As people age, their mental capacity usually decreases. While this may cause minor inconveniences with regard to misplacing items, etc., decreased mental capacity becomes more of an issue when the individual must make important decisions regarding his or her future health care and financial needs. Added to that is the circumstance in which a person may be totally incapacitated by illness or injury and cannot make decisions regarding continued life support and other health care needs. This is why Ohio, like many other states, allows people to choose a durable power of attorney for health care to help make important decisions regarding health care, life support and intervention, and more.
What is a durable power of attorney for health care?
While Ohio’s statutory durable power of attorney does not authorize another party to make health care-related decisions on behalf of another, the state has what is called a durable power of attorney for health care.
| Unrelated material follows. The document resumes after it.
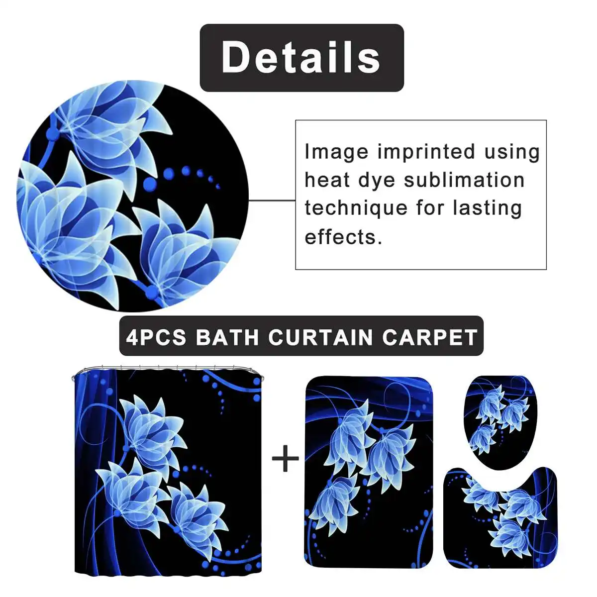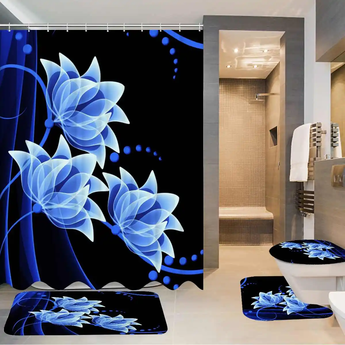 Шторка для душа с синим цветочным принтом, 180x180 см

The document gives a trusted individual the authority to make decisions regarding medical procedures, treatment and intervention, prolonging the life support process and giving informed consent, among others.
To create a durable power of attorney for health care, the principal (i.e., the one giving decision-making rights to another) must be an adult of sound mind at the time, and the document must be signed and dated in the presence of two adult witnesses and/or notarized. The document will not expire unless the principal specified an expiration date and may be revoked at any time for any reason. In addition, the durable power of attorney for health care takes precedence over other instruments.
Importance of durable power of attorney for health care
No one knows what the future will bring. Someone can suffer a stroke, get in a serious accident or in myriad other ways suffer complete mental incapacity or unconsciousness. Having a durable power of attorney for health care is important in order to secure a trusted individual to make potentially life-altering decisions for another. Otherwise, the principal’s wishes may never be known. Anyone interested in creating such an instrument should discuss the matter with an experienced estate planning attorney.